Headlines that Damage Reputations and How to Trade Them

RavenPack | June 23, 2020

Market overreactions following bad news headlines are usually temporary and can provide the basis for a profitable contrarian trading strategy.

On the 4th of February 2013, a news story broke that the U.S Justice Department was pressing a civil suit against credit rating agency S&P Global for allegedly fraudulently colluding in the subprime mortgage crisis after it failed to rate mortgage bonds adequately prior to the crisis.

In response to the news, S&P Global’s shares tumbled, as can be seen in the price chart below.

market overreaction

Whilst on the face of it this might not seem like the best time to buy or sell a stock, the ‘tick-shaped’ chart pattern which unfolded during the sell-off and subsequent recovery is actually a recurring phenomenon.

A Price Reversal After A Market Overreaction

"It is known as a price reversal after a market overreaction," said Francisco Gomez, one of the Data Scientists at RavenPack who worked on the study.

According to Gomez, the drawdown that follows the release of adverse news can provide contrarian investors with the perfect opportunity to ‘buy the dip’ and ride the stock as it reverses higher.

After observing the phenomenon repeat on several stocks the Data Science team at RavenPack wanted to see whether the 'price reversal after a market overreaction' motif worked more universally.

Using the RavenPack news analytics platform and its sophisticated natural language processor they were able to filter out stories with reputationally damaging headlines and use that as the basis for building a set of observations.

In this case, they were interested in headlines linking companies to “fraud” or “scam”.

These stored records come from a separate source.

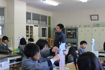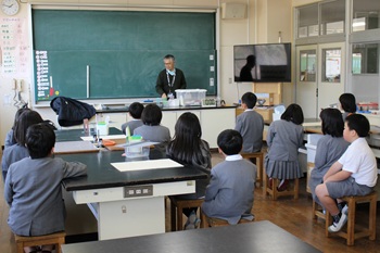 6年生12名を対象に「私たちの生活と電気」をテーマとした出前授業を実施しました。講師は、基幹教育部門 理数総合科学分野の磯谷嘱託准教授が務め、身近な機器に使われる電磁石の仕組みを体験的に学ぶことを目的としました。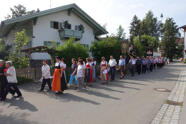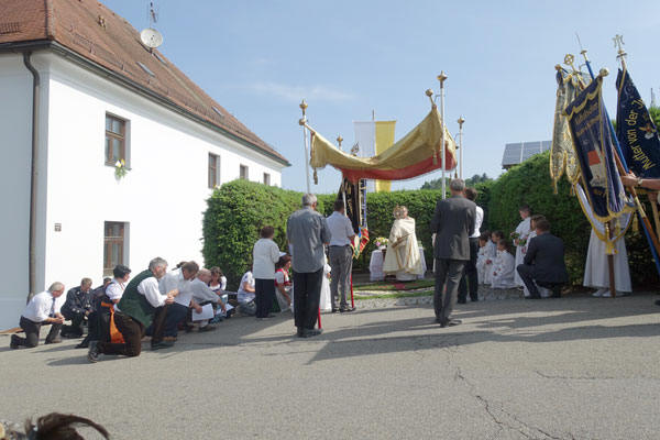 | Wie zum „Kranzltog“ oder „Prangertog“ üblich, zieht die Pfarrgemeinde durch die Straßen des Dorfes. Die Monstranz, welche den Leib Christi zeigt, trägt der Priester oder der Diakon unter dem „Himmel“. Die vier Himmelträger, die den Baldachin tragen werden von den Ministranten und den Erstkommunionkindern begleitet. | |||||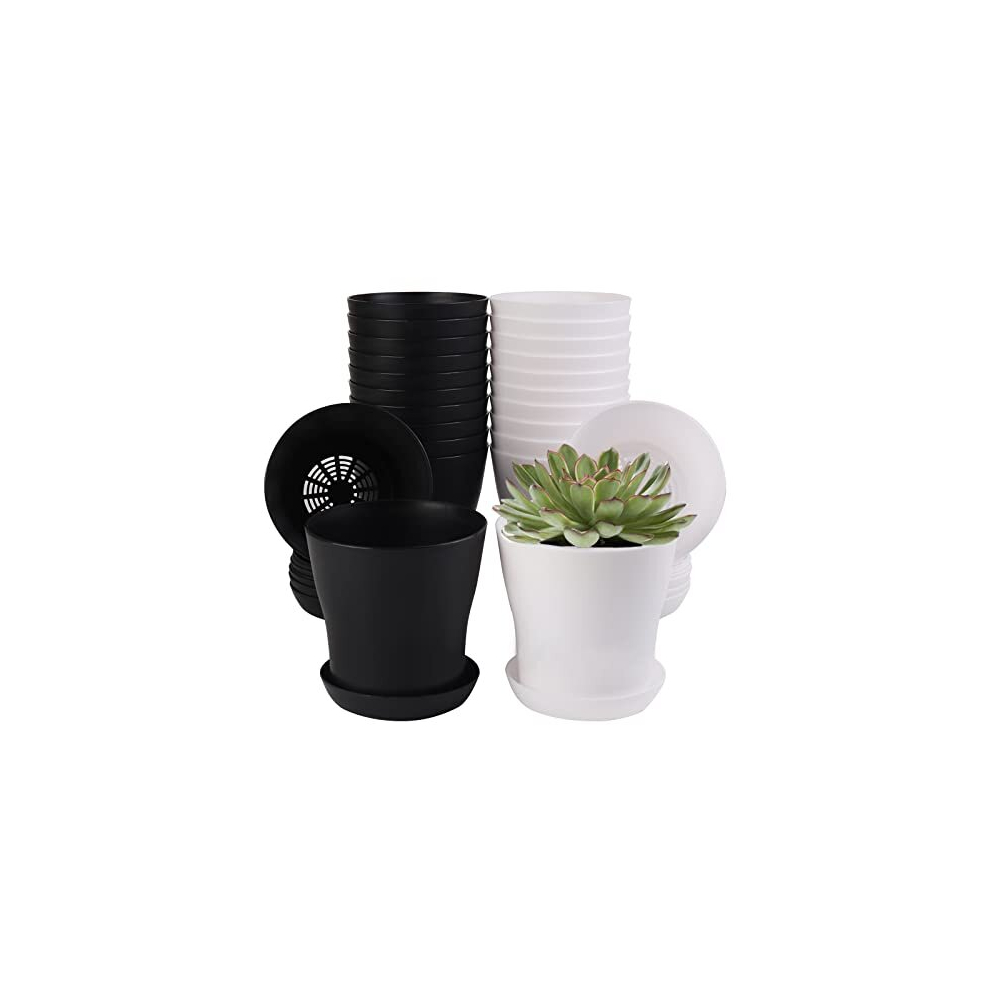 Nursery Pots, 24 Pack 4 Inch Plastic Plant Pot with Saucers, Flower Pots Small Planter for Outdoor Indoor Plants Gardening Containers (Black+White)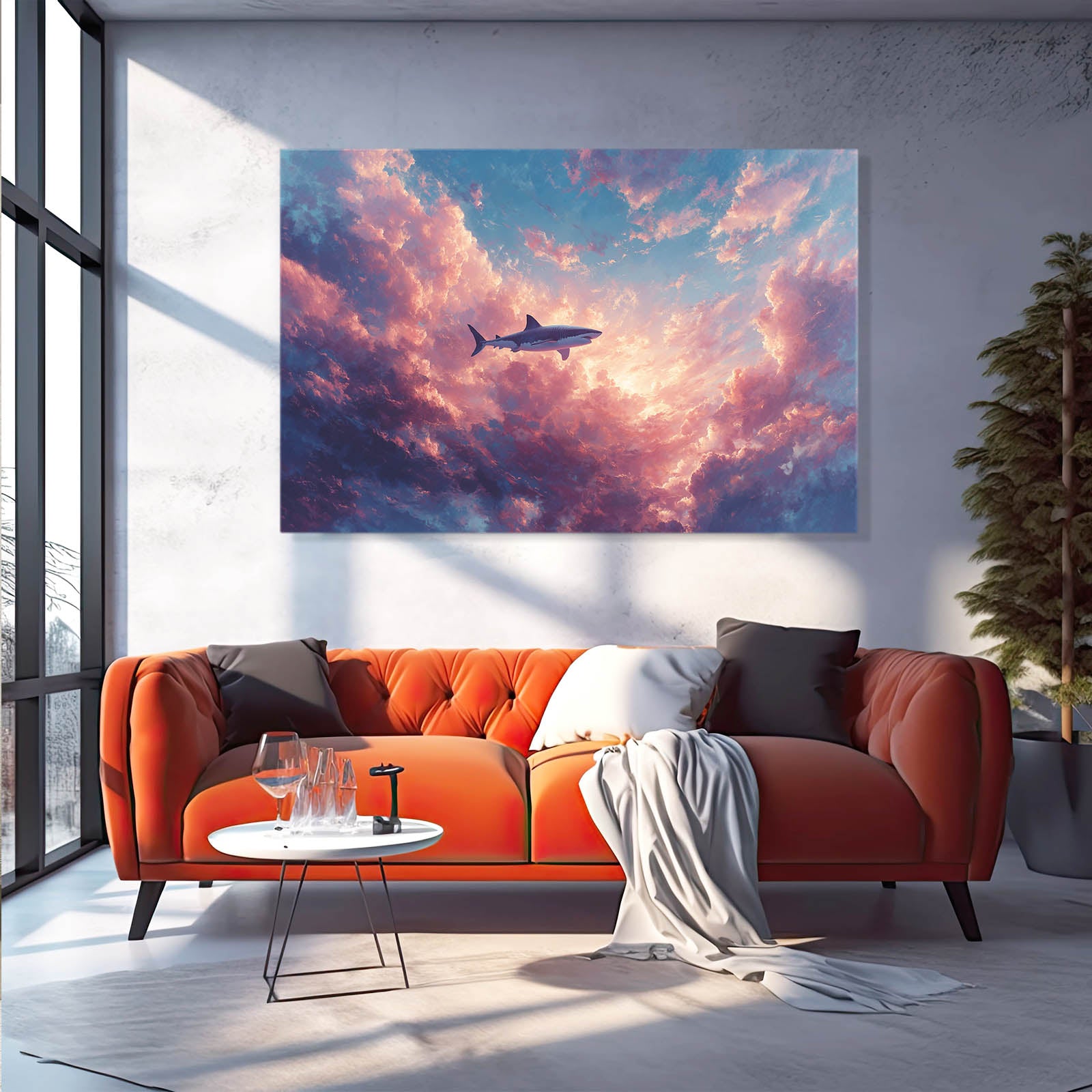 The surrounding clouds form a natural frame, giving the artwork a feeling of openness and infinite space. Light radiates gently from the center, enhancing the shark’s presence while maintaining a dreamlike balance that feels elegant and intentional. This visual harmony brings a subtle sense of wonder into the room.
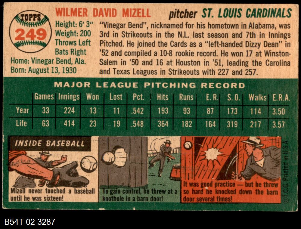 | 1954 Topps #249 Wilmer Mizell | 5 - EX | Front | Back |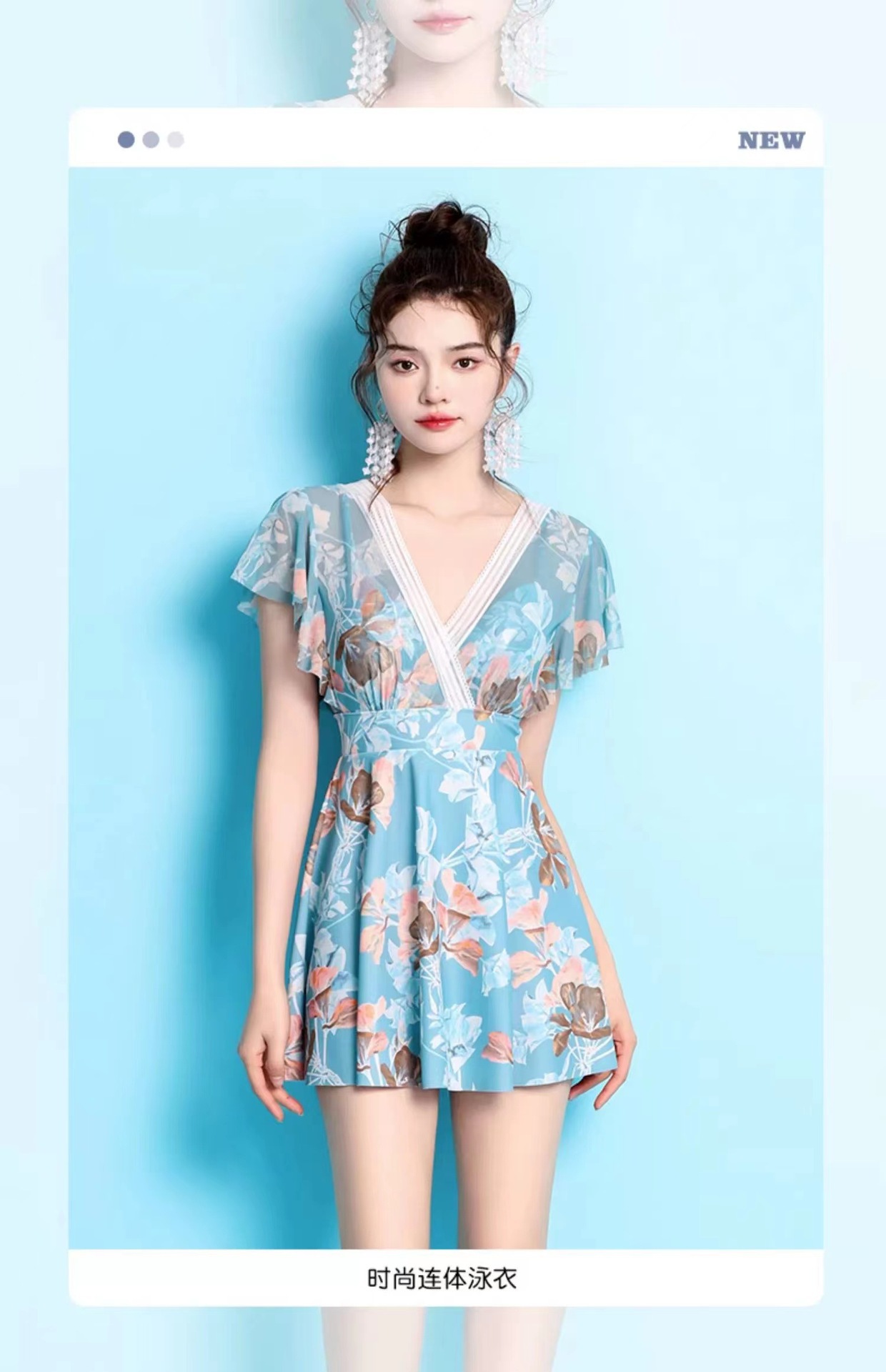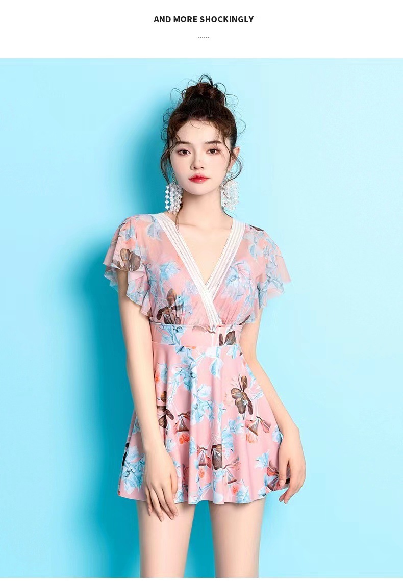 수영복 여성 원피스 패션 프랑스 인쇄 새로운 원피스 스틸 지원 브래지어 신선한 보수적 인 수영복 온천

The screenshot below shows how simple and easy it is to create such a dataset.

Ravenpack analytics

The platform automatically tags news to individual companies making it straightforward to subsequently input the data into a strategy engine and trial different buy and sell scenarios.

The initial results were positive, suggesting evidence of a wider reversal effect similar to that observed on the S&P Global stock price.

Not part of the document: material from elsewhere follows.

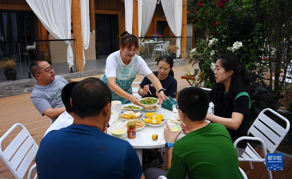 游客在陜西省漢中市留壩縣紫柏街道小留壩村的一家民宿內吃早餐(7月24日攝)。

Negative Headlines Cause Temporary Drawdowns

Negative headlines containing the words "fraud" or "scam" weakened most stocks initially but the drawdown was temporary and the stock usually went on to mean-revert, providing investors with a buying opportunity.

On its own, the strategy’s signals did not produce a high enough probability success rate to warrant a discretionary approach, however, it could provide an excellent basis for screening stocks showing the potential for recovery.

Confirmation from positive fundamentals or technical analysis signals could increase the probability of selecting a winner on a per-trade basis substantially.

On its own without any other factors to enhance it, the strategy yielded a 53% success rate.

“The actual probability of getting profits from one company exposed to fraud is barely 53% which is slightly better than even, but if you do this many times you will get a profit. And this is what is represented by the chart,” he said, referring to the right-hand chart below.

strategy performance

The Optimum Holding Period

The optimum holding period of 61 days, equally catering for either discretionary investors or algorithmic traders.

“Buying the stock two days after the event happened, holding for three months, and then selling resulted in the price going up on average by 1.0%,” Continued Gomez.

Conducting the strategy on a portfolio of 141 stocks generated an in-sample annual excess return of 4.78%.

When projected into the ’future’ the strategy produced an out-of-sample annual return of 9.79% using a portfolio of 169 stocks.

“The most important thing is that the signal still works out-of-sample, so it is robust across time,” said Gomez.